Last week’s cyberintrusion at Australian telco Optus, which has about 10 million customers, has drawn the ire of the country’s government over how the breached company should deal with stolen ID details.

Darkweb screenshots surfaced quickly after the attack, with an underground BreachForums user going by the plain-speaking name of optusdata offering two tranches of data, alleging that they had two databases as follows:

  11,200,000 user records with name, date of birth, mobile nmber and ID
   4,232,652 records included some sort of ID document number
   3,664,598 of the IDs were from driving licences

  10,000,000 address records with email, date of birth, ID and more
   3,817,197 had ID document numbers
   3,238,014 of the IDs were from driving licences

The seller wrote, “Optus if you are reading! Price for us to not sale [sic] data is 1,000,000$US! We give you 1 week to decide.”

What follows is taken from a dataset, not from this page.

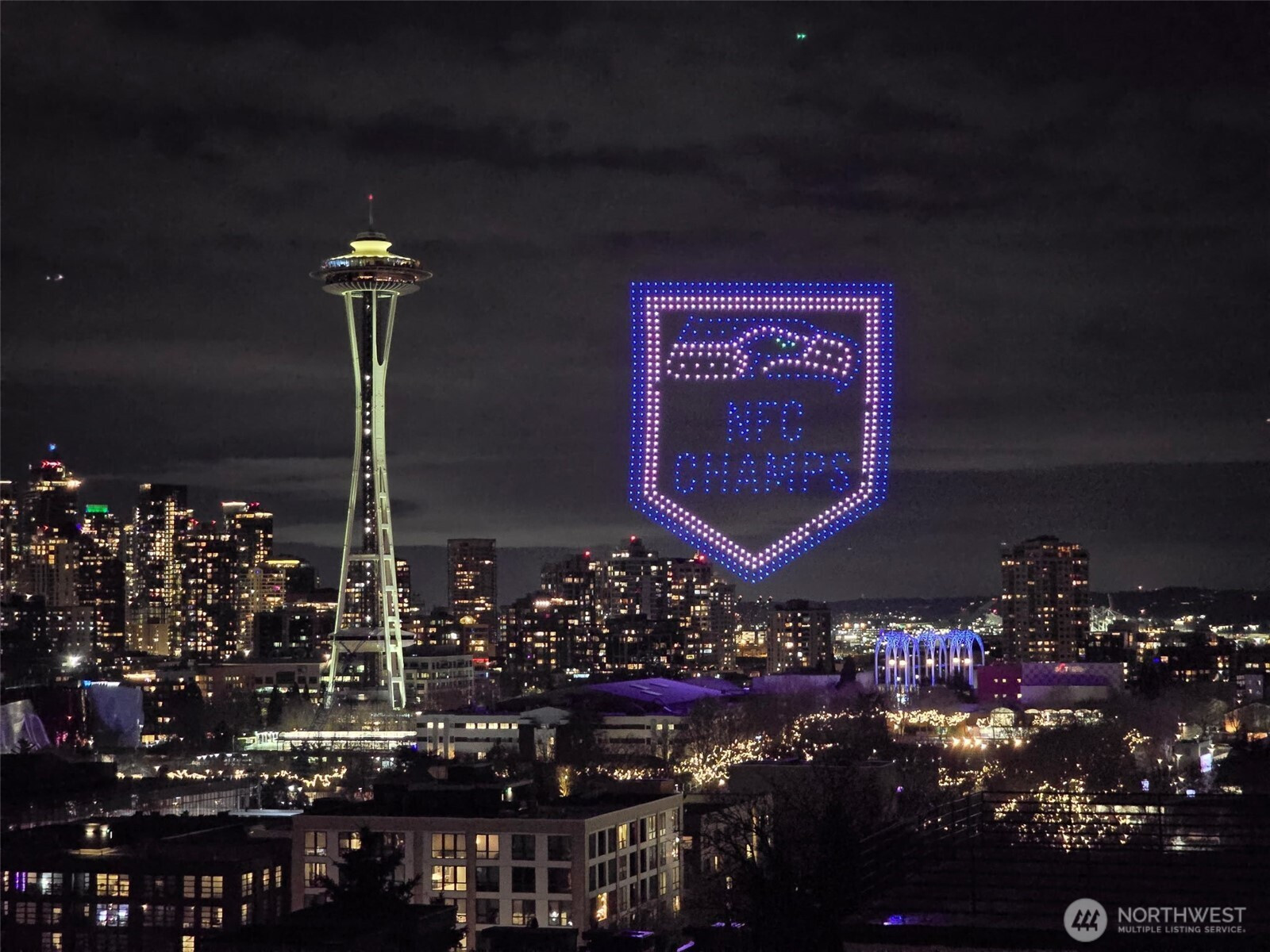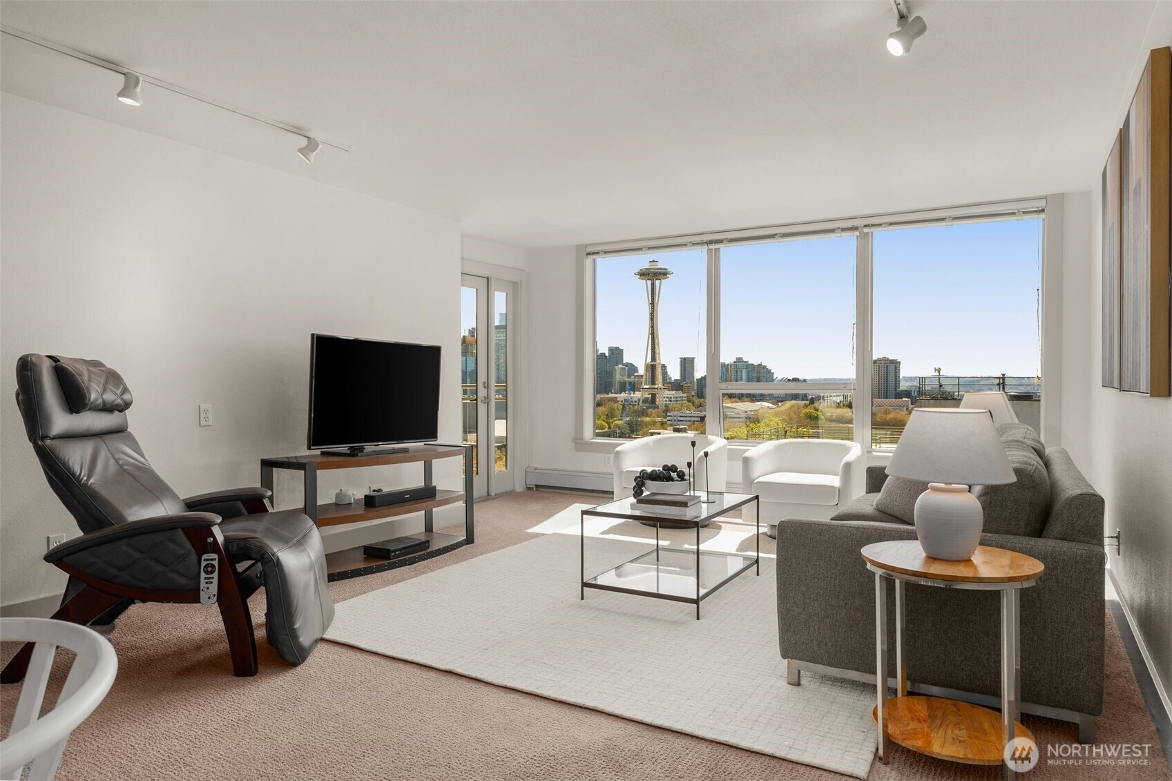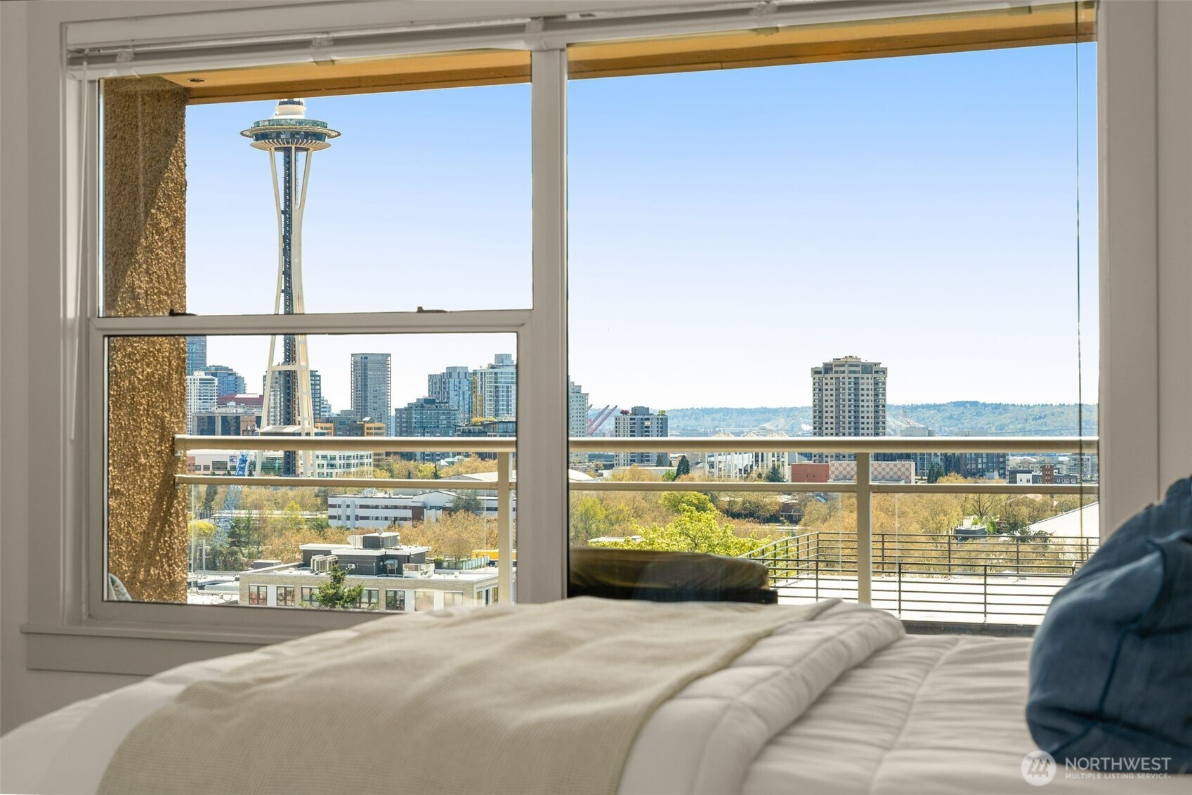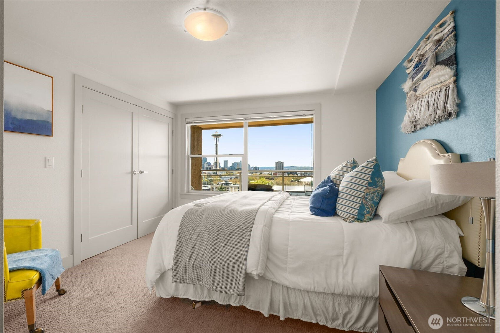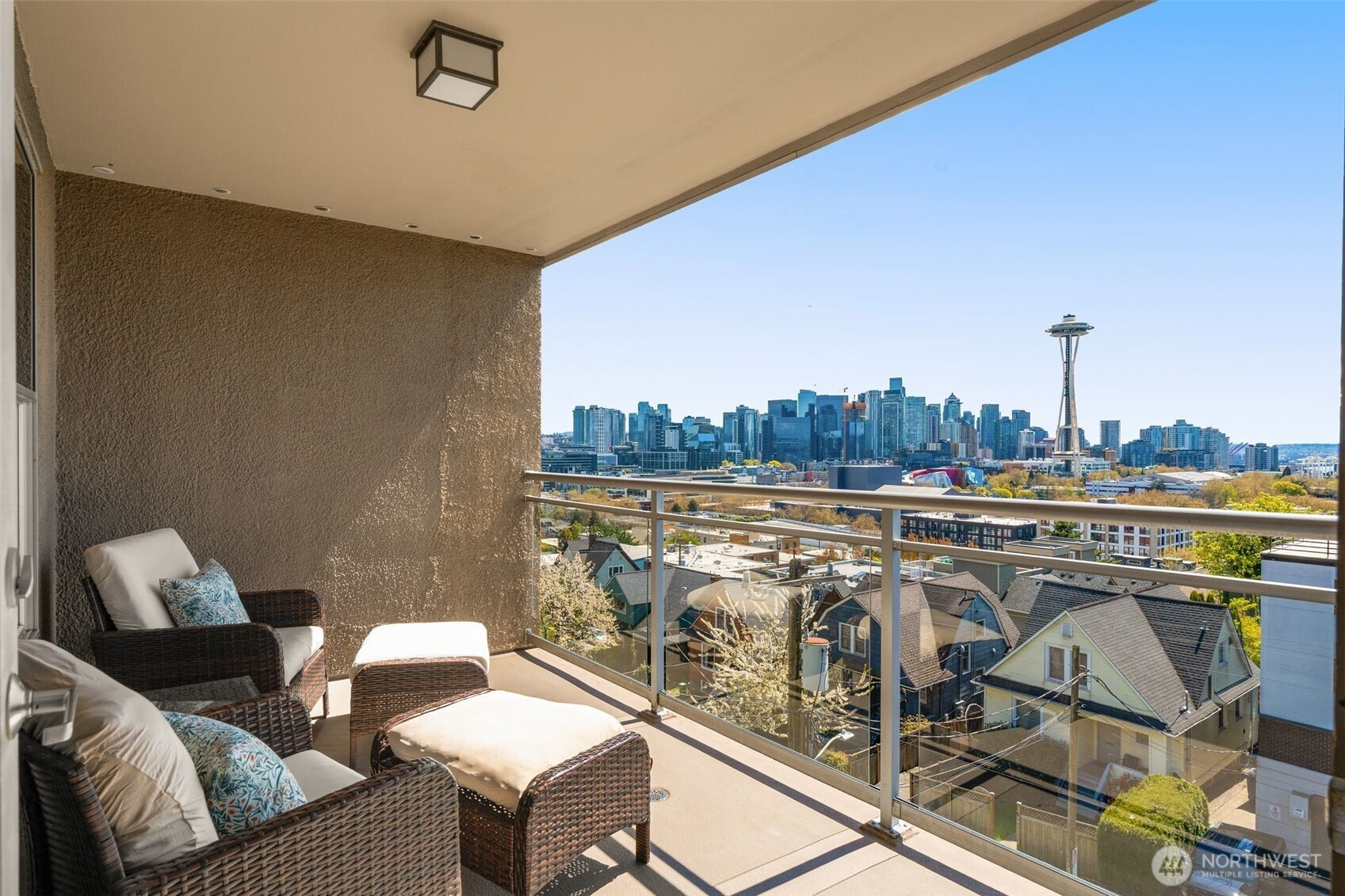 Iconic, unobstructed views of Downtown Seattle, the Space Needle, and Elliott Bay set the tone for this south-facing Queen Anne condo—an ever-changing backdrop you’ll never tire of. Perched on the coveted south slope in a boutique 20-unit building, this light-filled home offers 2 bedrooms, 1.75 baths, including a comfortable primary suite, and a well-designed 1,110 square foot layout. The updated kitchen features gas cooking, cherry cabinetry, granite countertops, stainless steel appliances, and a breakfast bar perfect for your morning routine, while expansive south-facing windows bring in beautiful natural light throughout the day. Enjoy generous closets and storage, including a large storage area conveniently located just in front of your reserved parking spaces, along with an in-unit washer and dryer. Two deeded parking spaces add rare convenience, and the building is pet-friendly. Ideally located near Queen Anne shopping and dining, South Lake Union, Climate Pledge Arena, and Downtown, with easy access to Myrtle Edwards Park and Seattle Repertory Theatre. Step onto the deck and take in the full, unobstructed panorama, there is no place you would rather start and end your day enjoying the iconic views!

Regular buyers, the seller said, could have the databases for $300,000 as a job lot, if Optus didn’t take up its $1m “exclusive access” offer within the week.

The seller said they expected payment in the form of Monero, a popular cryptocurrency that’s harder to trace than Bitcoin.

Monero transactions are mixed together as part of the payment protocol, making the Monero ecosystem into a sort-of cryptocoin tumbler or anonymiser in its own right.